Table 1 summary of existing skin-lesion segmentation approaches.

Data set description

ISIC 2018 dataset

This study utilized three widely accepted dermoscopic image Datasets for training, validation, testing, and cross-validation: ISIC 2018, PH2 and ISIC 2017. ISIC 2018 (Task 3: Lesion Segmentation) was the primary Dataset used for training and validation due to its large size and diversity. It consists of 2594 expertly annotated dermoscopic images spanning multiple lesion types. In our setup, 1815 images were used for training, 259 for validation, and 520 for testing. This Dataset provides a rich variety of skin lesion morphologies and lighting conditions, making it suitable for training deep learning models.

PH2 dataset

The PH2 Dataset consists of 200 dermoscopic images with corresponding ground-truth masks. PH2 was not used in the main training pipeline, but you experimented with it by splitting it into training/validation for comparative analysis. For supplementary analysis, the PH2 dataset (200 images) was split into 80% training (160 images) and 20% validation (40 images). Small-split experiment to check model adaptability on a limited dataset (hence PH2 appears in Table 5). This split was used only to test the adaptability of the proposed model on limited data, as PH2 is too small to serve as a primary training dataset.

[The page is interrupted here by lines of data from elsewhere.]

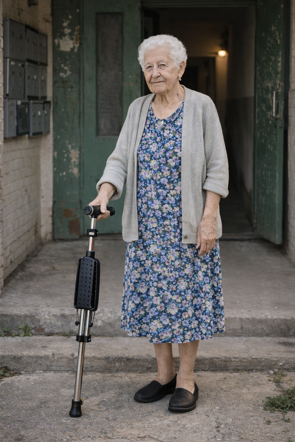 Виготовлена з легкого, але міцного алюмінієвого сплаву. Стійкі ніжки з антиковзкими наконечниками забезпечують стабільність на різних поверхнях.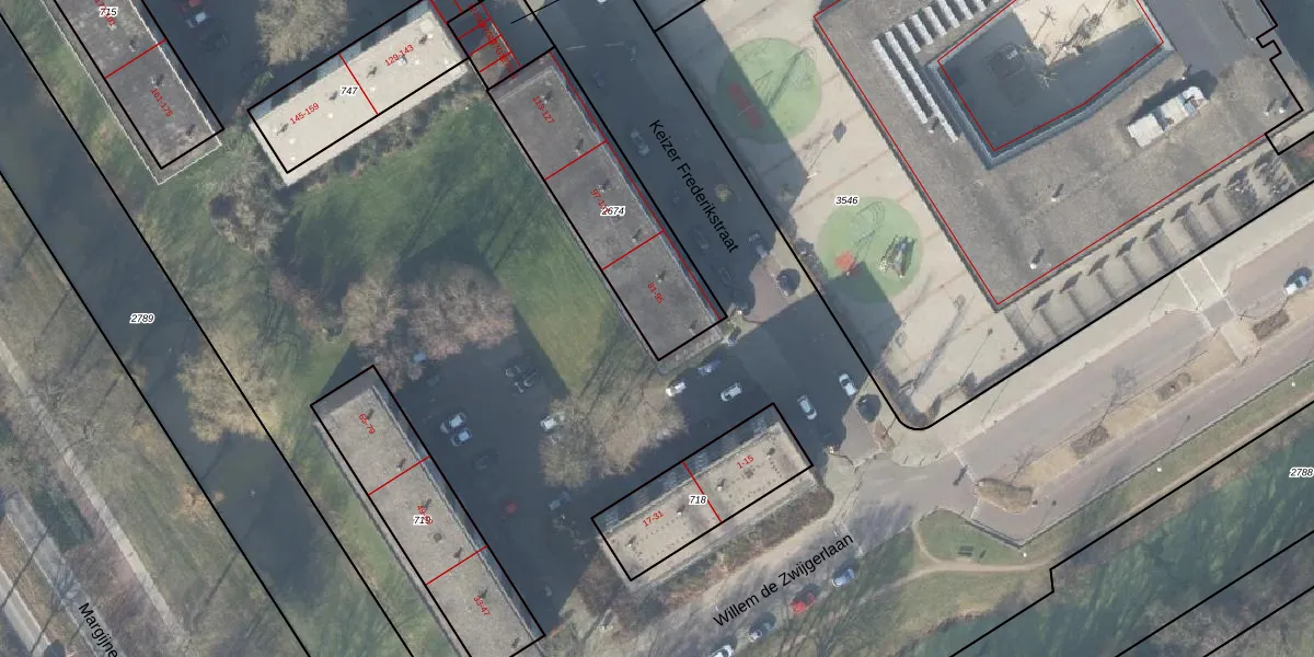 Het perceel waarop Keizer Frederikstraat 87 staat heeft een oppervlakte van 587 m². Dit is een groot perceel. De perceeloppervlakte wordt geregistreerd door het Kadaster. Gedetailleerde informatie over de maten van dit perceel kunt u vinden in het rapport Kadastrale kaart met maatvoering van Keizer Frederikstraat 87.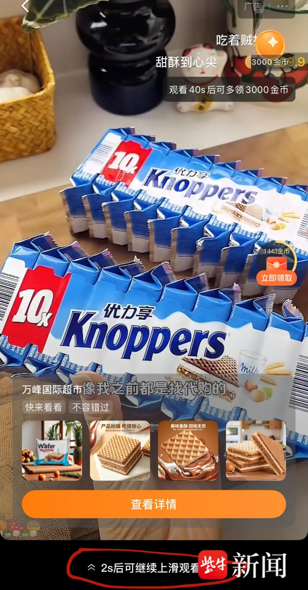 " 这哪是看剧,简直是‘渡劫’。" 家住南京的陈先生苦笑着向记者展示家中囤积的一堆 " 破烂 ":号称工厂直销的吉列剃须刀,到手发现包装盒上写着 " 吉利 ",外形虽与吉列相似,但刀片和刀把上均无吉列商标。经咨询宝洁公司客服确认," 吉利 " 实为仿冒品;广告推销的是德国 Knoppers 威化饼干,寄来的却是 "wáfer" 威化饼干,两者品名却不同,前者按条销售,后者为散装称重,完全是 " 挂羊头卖狗肉 ",由于无法考证产品质量,最终无人敢吃。此外,他还购买了多款号称能暴汗的减脂健身器材,如健腹轮、减脂筋膜环、健腹按摩仪,实际效果甚微,如今均已沦为家中 " 沉睡的垃圾 "。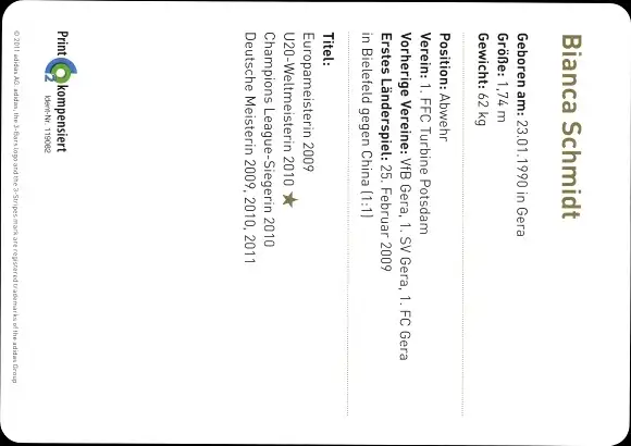 Ak Fußballspielerin Bianca Schmidt, Portrait, Autogramm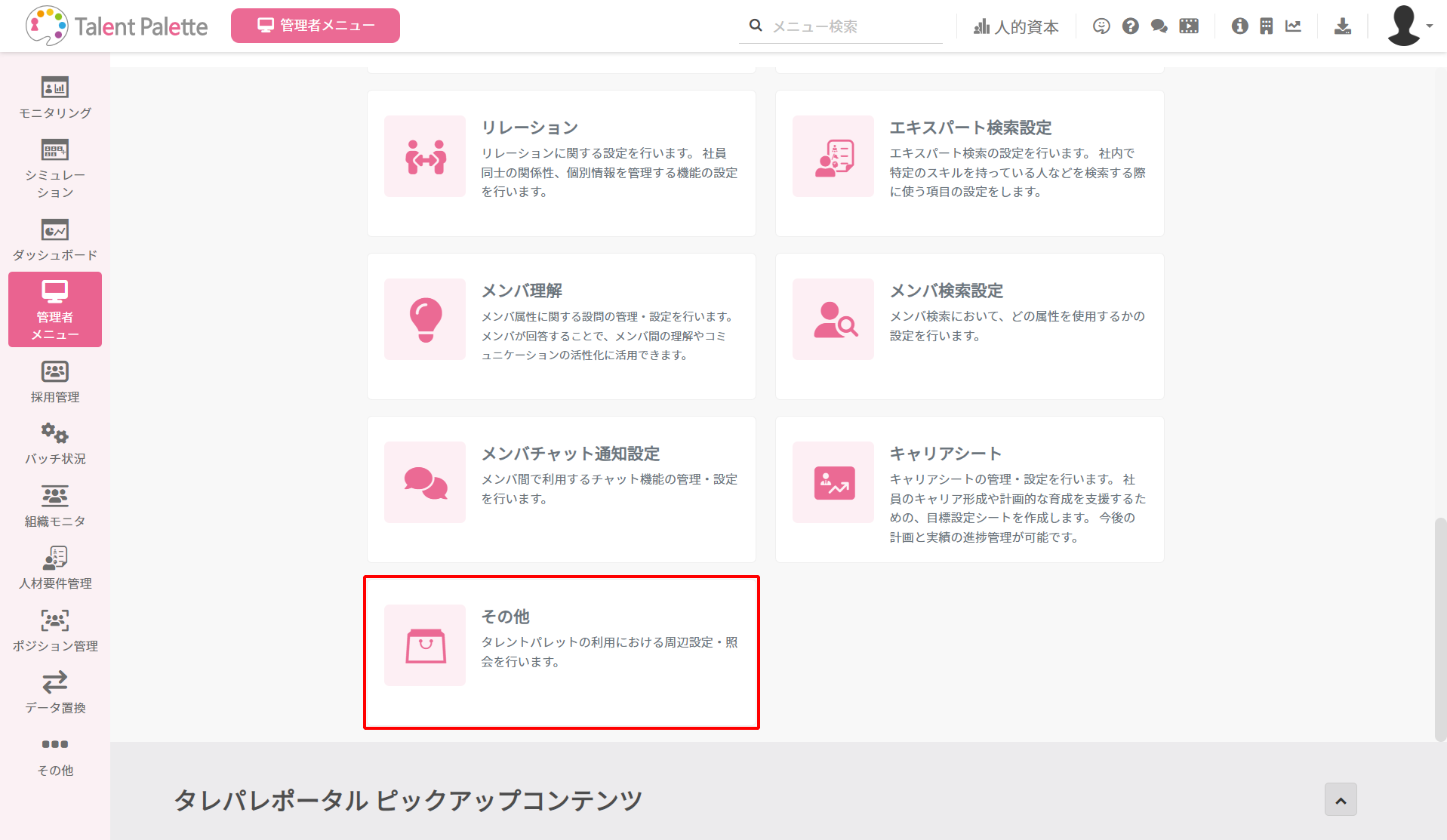 1. TalentPaletteの管理コンソールにログインします。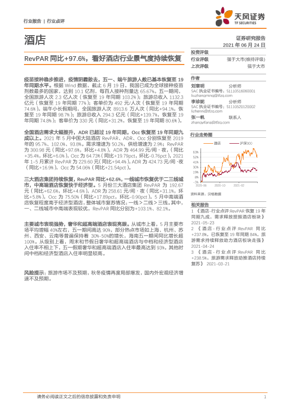【天风证券】【20210624】酒店:RevPAR同比+97.6%,看好酒店行业景气度持续恢复-6页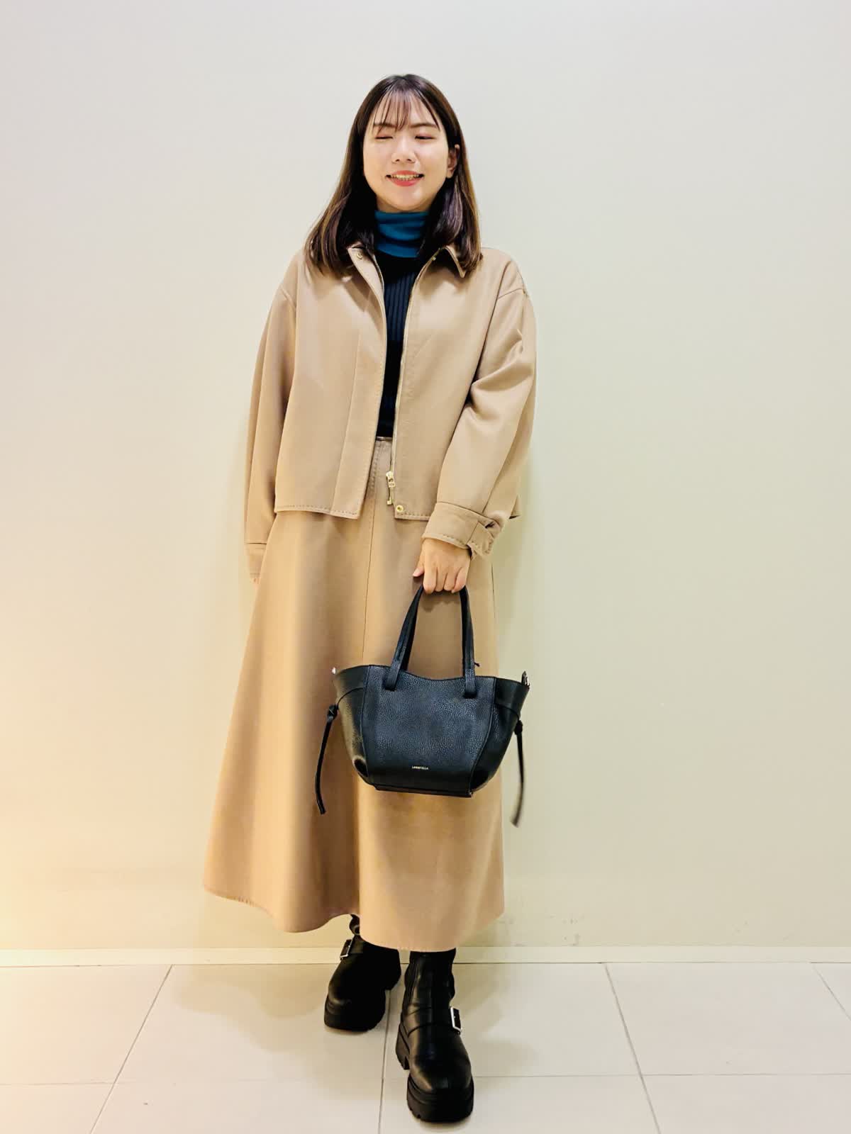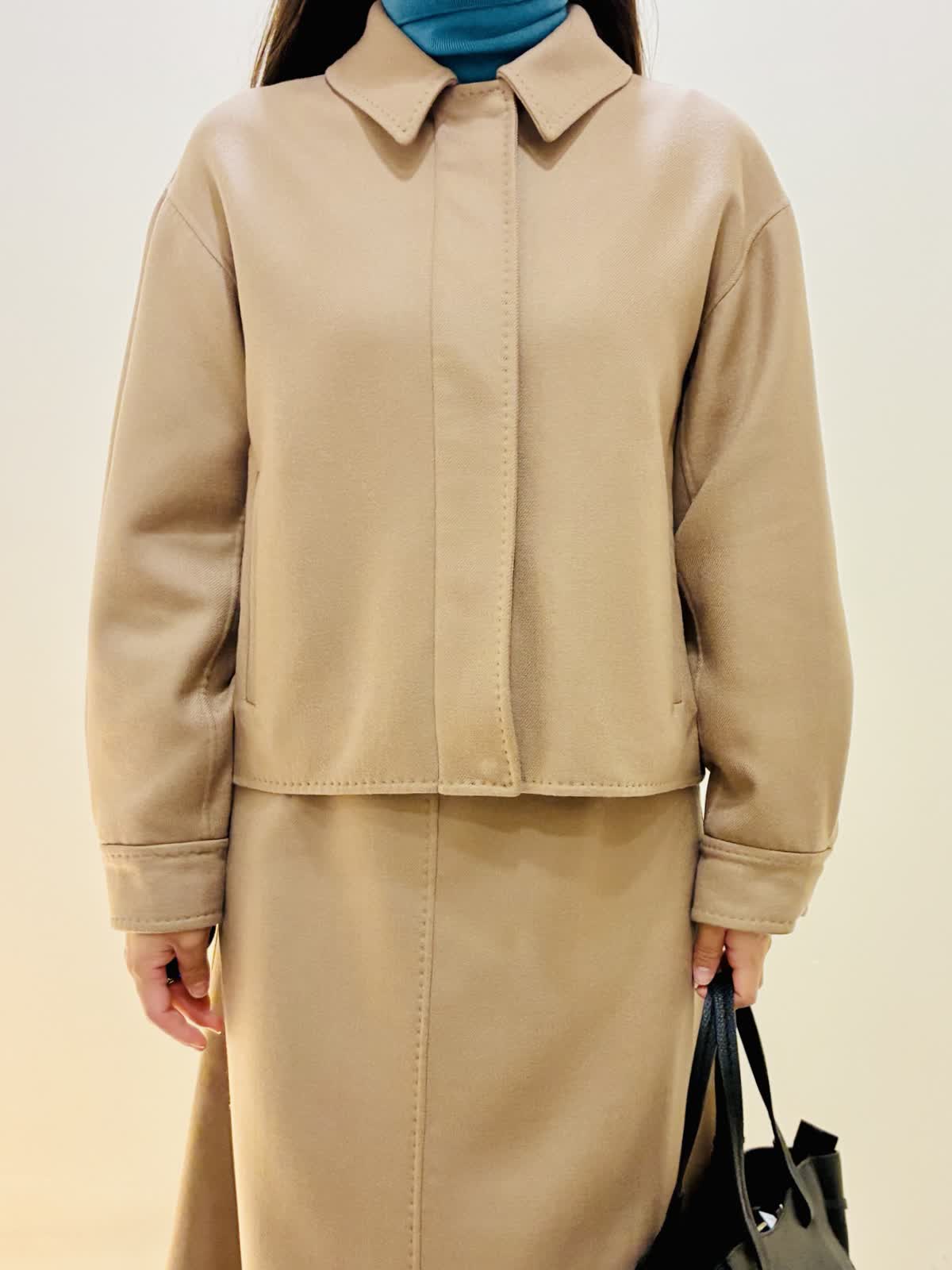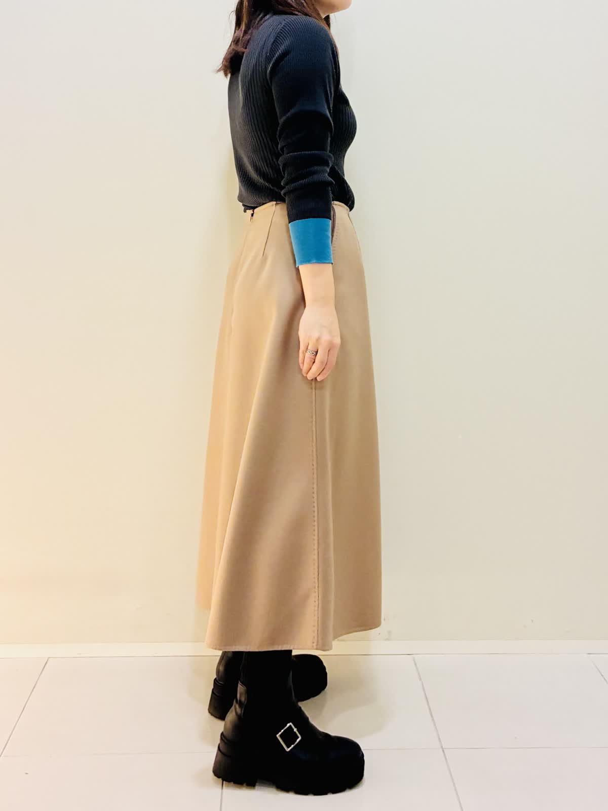 【着用サイズ】 コート:キャメル:9号サイズ スカート:キャメル:9号サイズ ニット:スミクロ:9号サイズ 『セットアップスタイリング』 ウール混のセットアップで、少しゆったり着れるので重ね着もしやすいです。 スカートもゴムではないけど、腰でとまるタイプなので楽に履けます。 ニットは着心地よくスミクロはターコイズブルーのバイカラーです。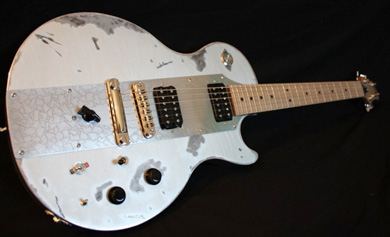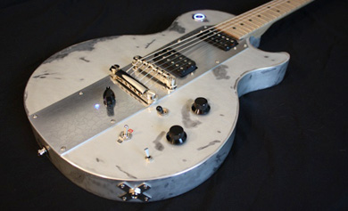 Le modèle TESLA reprend les caractéristiques de l'Icebreaker STD; finition raw alu, manche tout érable et micros Alnico Pro II.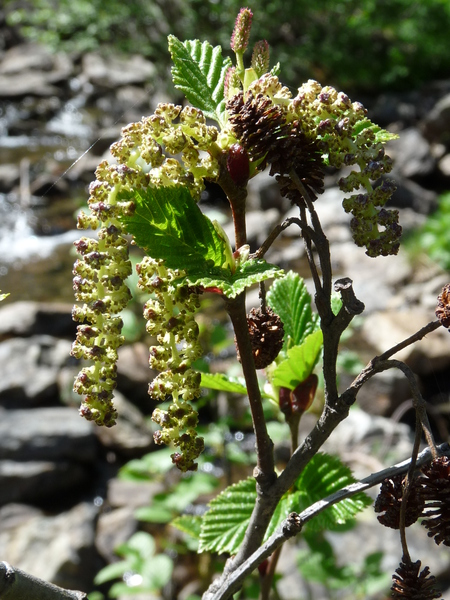 In July the alder tree [genus Alnus] (Erle) was in bloom in the Alpine region.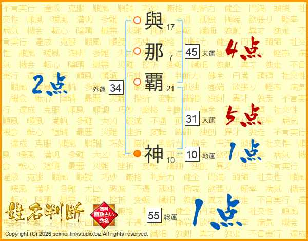 與那覇神さんの天運は45画の4点!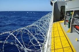 Также по всей длине судна или если борт достаточно высокий, в самой уязвимой части натягивается колючая проволока
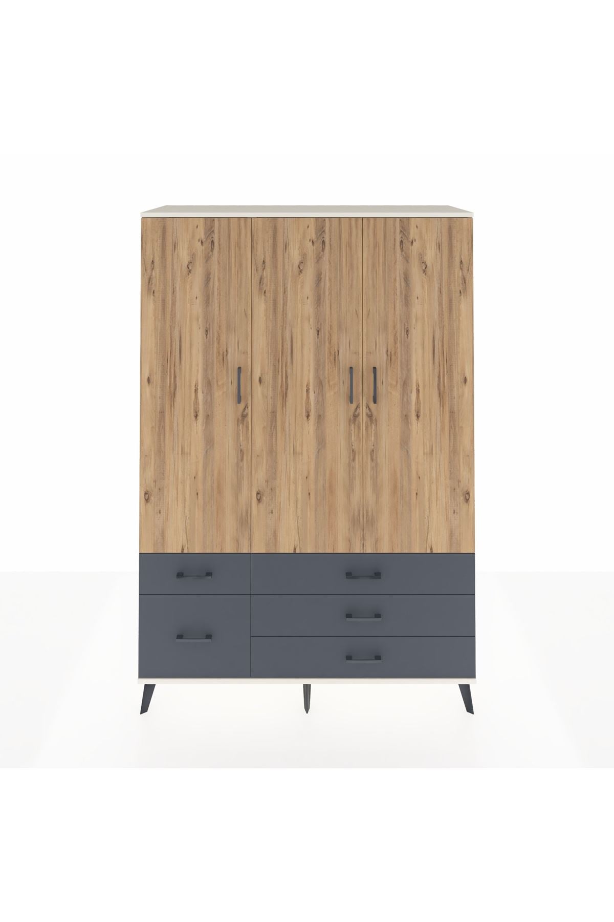 Hyperion Dolap 5 Raflı 5 Çekmeceli Tek Askılı 132x44x195 Aytaşı-Çam/Antrasit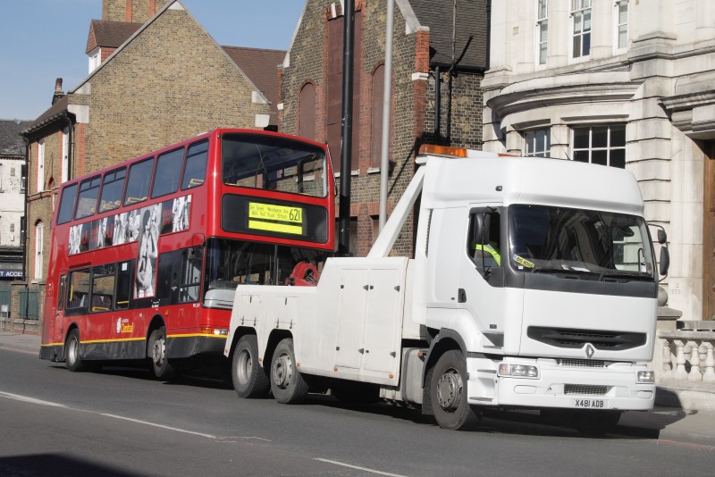 | Details: This picture is clearly more legitimate than the last as it does at least include a London bus. Anonymous Renault tow truck X481ADB was seen with a London Central PVL on tow at Deptford on 5th March 2008. The only 'lettering' is a sticker in the windscreen that reads 'Big Boss', while the bus is notable for displaying reversed blinds for schoolday route 621. | ||

The full PH2 dataset was also used separately as an external test set (Table 10) to evaluate cross-dataset generalization and complete dataset as an external test set to evaluate generalization (results reported in Table 10). This dual usage was only for experimental comparison and does not affect the main training pipeline, which is based on ISIC 2018.

ISIC 2017 dataset

ISIC 2017, which includes over 2,000 annotated dermoscopic images, was utilized for cross-validation purposes only. Specifically, we allocated 1400 images for training, 300 for validation, and 300 for testing, solely to evaluate the transferability and domain adaptability of the proposed model trained on ISIC 2017.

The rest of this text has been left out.